OPINI—Praktik Bullying semakin marak terjadi. Meski, praktik perundungan ini sebenarnya sudah lama berlangsung. Namun, fakta-fakta yang terkuak satu demi satu makin menambah pilu nasib generasi hari ini. Korban dan pelaku perundungan (bullying) tidak lagi memandang usia. Bahkan, siswa SD bisa menjadi pelaku kejahatan perundungan di sekolah.
Sebagaimana yang diwartakan kompas.com, 20/5/2023, nahasnya kondisi MHD (9) yang tewas setelah dirundung kakak kelasnya. Siswa di salah satu SD Negeri di Kecamatan Sukaraja, Kabupaten Sukabumi, Jawa Barat ini, meninggal setelah tiga hari kritis di rumah sakit. Sebelum meninggal, ia mengaku jika dikeroyok oleh kakak kelasnya di sekolah.
Sungguh miris melihat generasi saat ini. Perilaku sadis dan bengis menambah catatan merah kerusakan generasi.
Terus Berulang
Setiap tahunnya, bahkan setiap hari, terus bermunculan kasus perundungan pada anak. Jika dahulu pelaku dan korban perundungan adalah pelajar tingkat SMP dan SMA, kini pelaku siswa SD pun mulai menjamur. Jenis perundungan yang kerap dialami korban beragam, baik fisik, verbal, sosial/relasional, ataupun secara daring (cyberbullying).
Sepanjang 2022, KPAI mencatat ada kenaikan signifikan kasus perundungan, yakni sekitar 226 kasus atau meningkat empat kali lipat dibandingkan 2021. Perundungan di sekolah berpotensi terus terjadi. Survei Mendikbudristek memperkuat hal ini.
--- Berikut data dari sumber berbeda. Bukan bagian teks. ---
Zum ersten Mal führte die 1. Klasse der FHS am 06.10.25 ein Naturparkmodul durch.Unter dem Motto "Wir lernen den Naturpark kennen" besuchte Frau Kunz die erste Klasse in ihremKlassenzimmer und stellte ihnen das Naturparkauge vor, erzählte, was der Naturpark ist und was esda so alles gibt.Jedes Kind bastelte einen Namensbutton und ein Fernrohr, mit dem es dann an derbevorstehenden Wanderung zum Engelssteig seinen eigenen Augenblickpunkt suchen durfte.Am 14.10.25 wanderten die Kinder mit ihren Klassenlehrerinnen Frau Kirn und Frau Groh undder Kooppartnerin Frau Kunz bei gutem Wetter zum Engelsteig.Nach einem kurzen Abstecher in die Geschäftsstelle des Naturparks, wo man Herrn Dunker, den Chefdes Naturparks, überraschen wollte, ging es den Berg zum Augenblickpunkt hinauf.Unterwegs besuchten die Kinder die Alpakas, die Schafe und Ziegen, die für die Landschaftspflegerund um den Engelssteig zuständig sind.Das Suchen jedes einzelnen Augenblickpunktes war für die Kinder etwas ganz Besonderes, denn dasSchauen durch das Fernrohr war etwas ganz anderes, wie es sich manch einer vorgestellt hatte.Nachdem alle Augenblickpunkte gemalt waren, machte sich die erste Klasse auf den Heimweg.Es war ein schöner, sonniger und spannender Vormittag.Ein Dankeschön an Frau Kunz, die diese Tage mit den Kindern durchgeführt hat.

Survei yang melibatkan 260 ribu sekolah di Indonesia di level SD/Madrasah hingga SMA/SMK terhadap 6,5 juta peserta didik dan 3,1 juta guru menyatakan bahwa terdapat 24,4% potensi perundungan di lingkungan sekolah.
Artinya, Indonesia sudah darurat bullying! Perundungan makin jadi ancaman bagi anak-anak kita. Mengapa hal ini terus berulang? Di mana letak masalah utamanya? Padahal, perangkat kebijakan pendidikan untuk mengatasi maraknya perundungan di sekolah sudah dilakukan.
Dampak Sistem Sekuler
Kasus perundungan hanyalah sebagian dampak penerapan sistem kehidupan sekuler yang makin menjauhkan generasi dari hakikat penciptaan manusia, yakni menjadi hamba Allah Taala yang taat dan terikat syariat. Banyak faktor yang memengaruhi maraknya kasus perundungan.
Pertama, kebijakan negara, yakni kurikulum yang tegak di atas nilai-nilai sekuler. Pernahkah kita berpikir lebih mendalam, begitu banyak sekolah, baik berbasis Islam atau umum dengan sistem yang dinilai baik, tetapi nyatanya belum cukup mampu menangkal dan mencegah perundungan?
Nyatanya, perundungan bisa terjadi di sekolah mana saja. Inilah konsekuensi yang harus kita tanggung ketika negara lebih memilih penerapan kurikulum dan sistem pendidikan berbasis akidah sekularisme. Daya rusak akidah ini sangat dahsyat.